Anyway, let us forge onward. It sure would be nice if our manufacturer had the ability to sign separate support contracts with different people. ("OK, government entity, we'll keep supporting Windows 3.1 just for you, but it's gonna cost you because everyone else is moving to Vista.")
(d) A manufacturer may, by agreement, establish different Final Offering Dates and Final Support Dates for different users of the sofware, but in no event shall the manufacturer establish a Final Support Date which is earlier than the earliest date provided in subsection (c) of this section.The "in no event" language is to keep someone from putting a 1 day Final Offering Date and Final Support Date in the EULA. Notice, though, that the "date of the last public sale" language may cause problems here, too. If you sell a copy of Win 3.1 to the government as part of a private support contract, is that a public sale? Also, the language is really clunky and could lead to differing court opinions on what the "earliest date" means.
Finally, we need to make it clear that you can't contract out of the liability. Otherwise, the software house will just put a clause in the EULA where the user agrees to waive liability.
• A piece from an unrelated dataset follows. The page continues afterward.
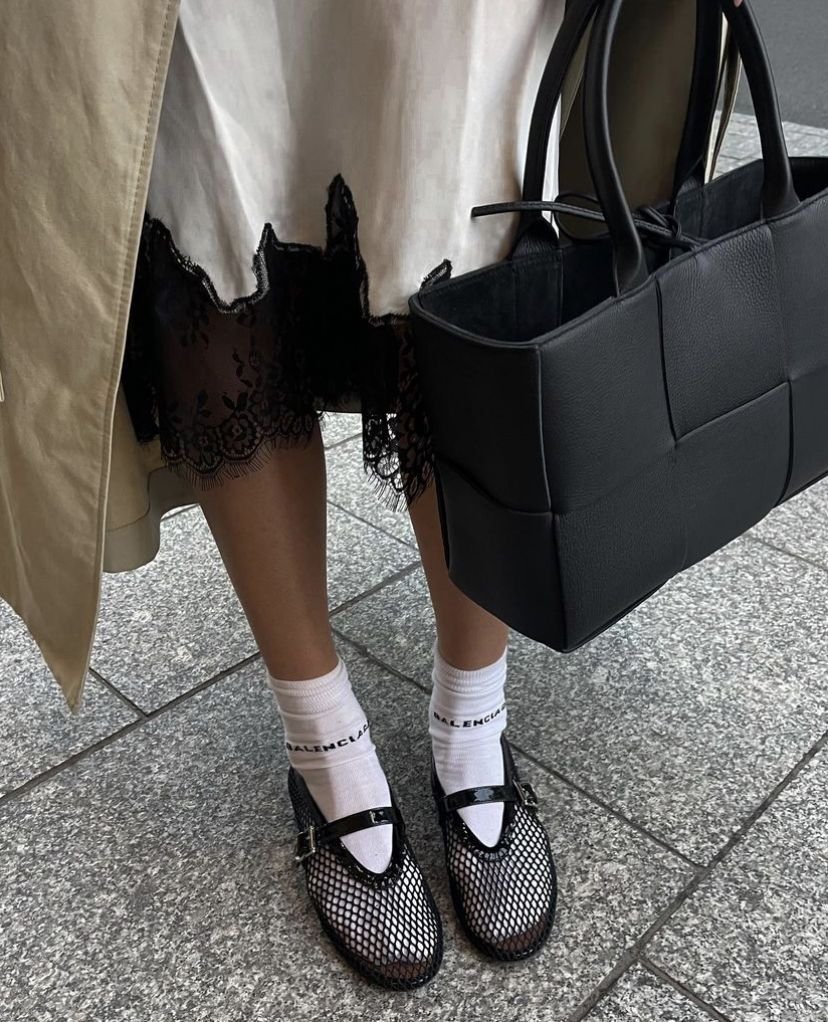 Тренд последних сезонов — балетки из сетки — осенью не теряет актуальности. Секрет адаптации прост: добавьте носки. Бежевые, чёрные, цветные или даже ярко-алые — они превращают балетки в элемент для бесконечных экспериментов, а ваш образ делают уникальным и смелым.

(e) No manufacturer may waive liability under this section except as provided in subparts (b) through (d) of this section.Hmm. This one needs some refinement for sure. Could you contract your support out to a dedicated support firm and send your liability along with it? What about to an undercapitalized support company that, if someone sues them, won't have any money to pay damages? If you do contract out support, can you get them to indemnify you for damages? If so, could you put indemnification in the EULA, so that the user suing you has to indemnify you for any damages that user might recover?
Finally, what happens if 47 states adopt this statute but Delaware, New Mexico, and, say, California don't? Notice that every EULA includes a choice of law provision ("the laws of the state of X shall govern this license"). You might expect those provisions to quickly swing over to whichever states don't impose liability.
Anyway, these are all issues to consider. As I said, I'm not expert at drafting statutory language, but the process of going through it has exposed a lot of ideas to consider with any push for software liability. These aren't just issues for the lawyers. Many of them are policy issues that determine what incentives we want to create and how we want the software industry to evolve.